Jonathan Franzen will be reading tonight at The Aratani in Little Tokyo as part of the Aloud LA reading series put on by our fantastic Library Foundation of Los Angeles. I will be going to this event, despite the cries heard round the world (my shrill voice included) about being all Franzened-out. I am still all-Franzened out and I've not even read Freedom yet.

However.

It strikes me as rather convenient that this event takes place only steps away from both my house and an excellent, somewhat-secret alley bar and who am I to look that kind of serendipity in the face and not jump along for the ride?

More to the point, it gives me a chance to get back to one of my favorite activities: writing elaborately long posts about the bizarre behavior exhibited at "important" readings in LA. Hopefully the Angelenos in attendance will not disappoint and I'll have some juicy tidbits to share with you all in the coming days.

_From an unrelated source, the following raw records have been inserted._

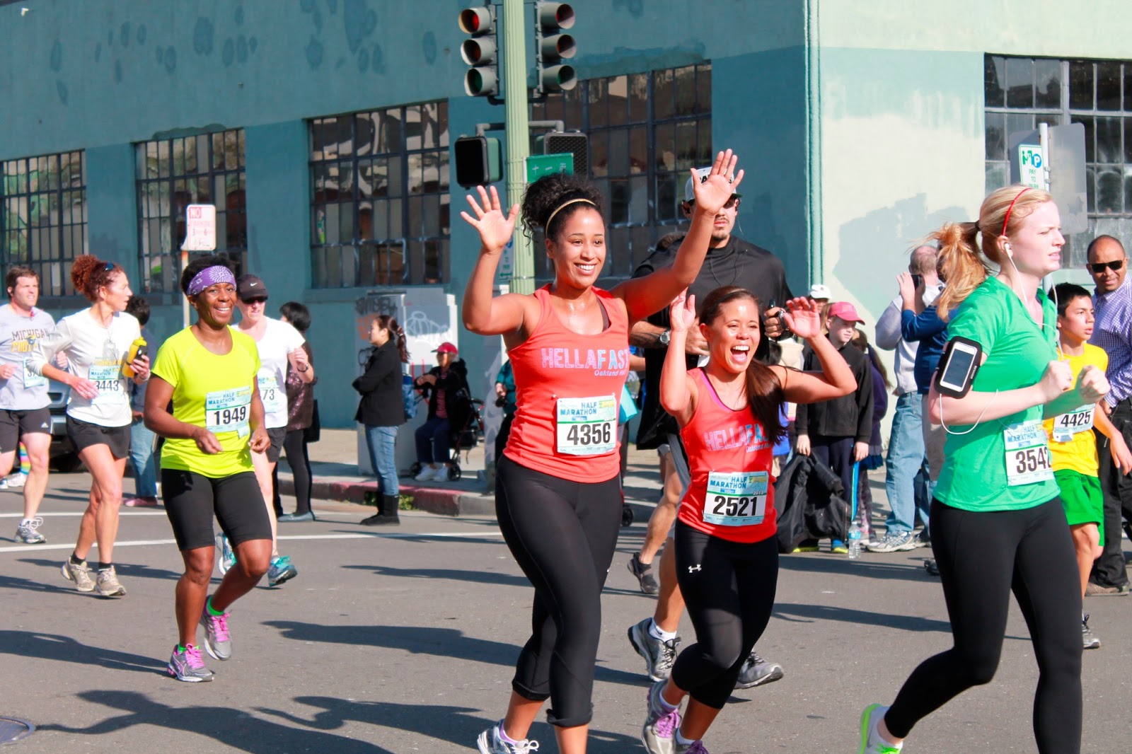 Having a great running partner was one of the key reasons why we both overcame the aches and pains and finished the race with no breaks in-between. Another motivating factor was my family driving all the way down from Sacramento, meeting up with my boyfriend, making signs, and cheering us on all throughout the race. We didn't know where they would be, but they surprised us on four different occasions and with each wave of encouragement, bursts of energy started bubbling and pushed us on. Strangers even filled us with loads of energy, endless cheering, cowbell-banging, bands playing, DJs posted up everywhere, flaming art structures, and lines of high-fives. We saw the funniest signs that put big ass smiles on our faces. They read, "Stop reading, keep running!" "Why do all the cute ones run away?" "Move yo ass!" "Just finish (that's what she said)!" I mean, how could you NOT laugh?!
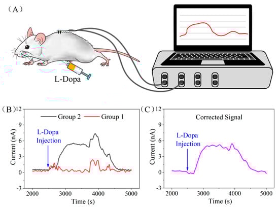 After the successful evaluation of the FDMA by chronoamperometry with skin model, we tested the sensor in vivo through minimally invasive monitoring of L-Dopa concentration. As demonstrated in Figure 6A, each group of the FDMA was connected to an electrode channel of the dual electrochemical workstation, respectively, and the current response of both groups was recorded simultaneously. During the measurements, the FDMA was stabilized subcutaneously for approximately 2500 s at a voltage of 0.3 V, and then 4 mL of 8 mM L-Dopa was injected into the rat’s abdominal cavity. The dosage of L-Dopa for the rat was based on previous studies, which was equivalent to 300 mg of L-Dopa for adults [42].
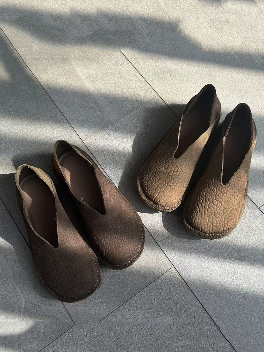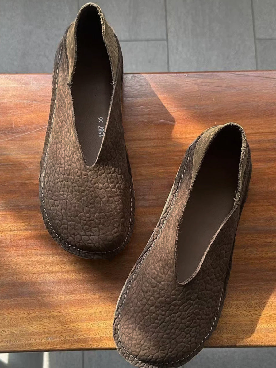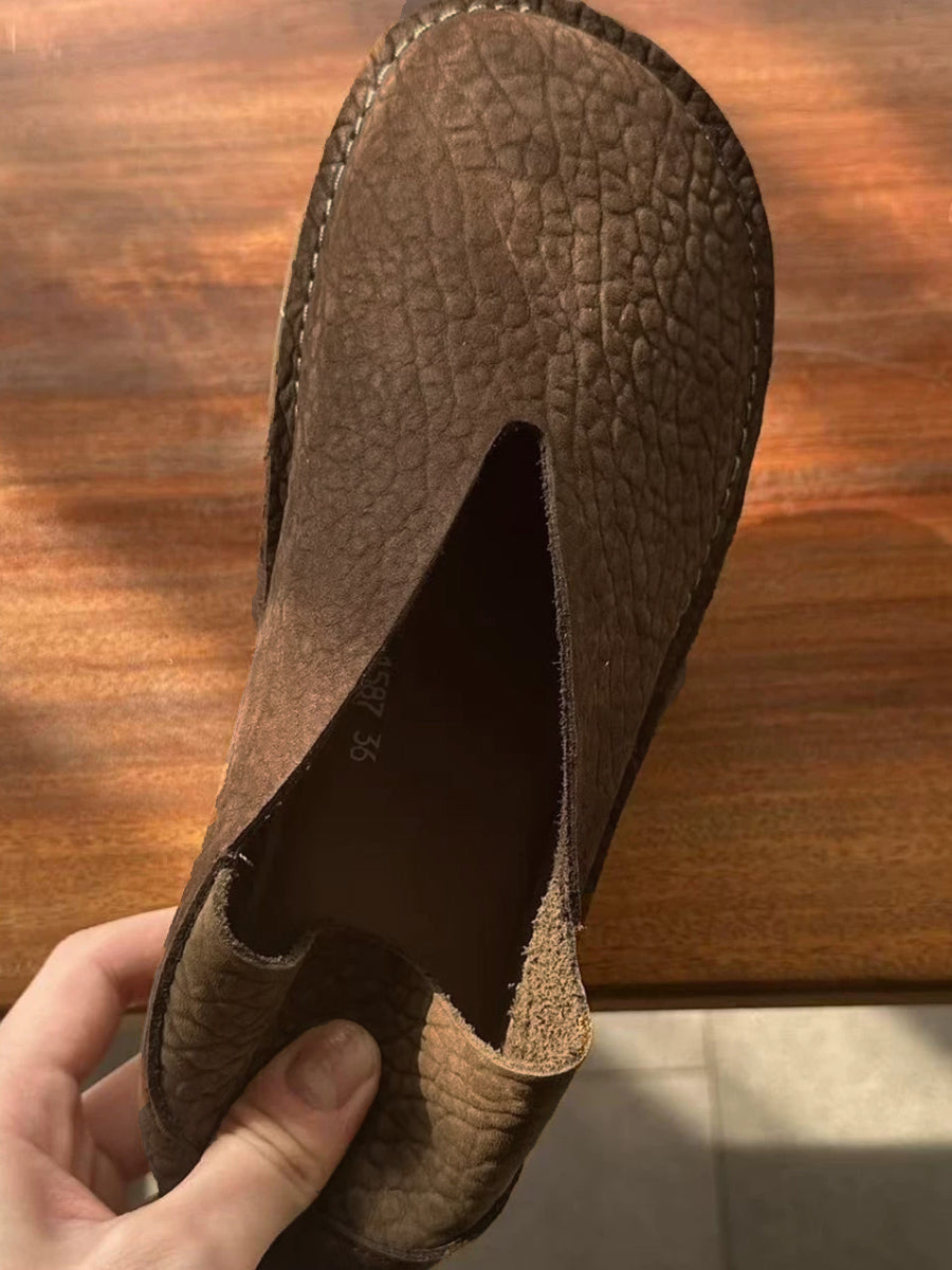 Sapatos femininos retrô de couro legítimo com detalhes em patchwork.

If not, I do expect that the discussion, led by Meghan Daum, will have many merits of its own. If you're still awash in Franzen-fest hate, I'll share with you a nugget of wisdom from Tod Goldberg that strikes me as exactly spot-on:

  1. Tod Goldberg

    todgoldberg Reviewing the new Franzen this week. Here's my early verdict: When you can write better than him, then you can begin to whine and bitch. 15 Sep 2010 from web


September 16, 2010 in New Books, Readings | Permalink | Comments (2) | TrackBack (0)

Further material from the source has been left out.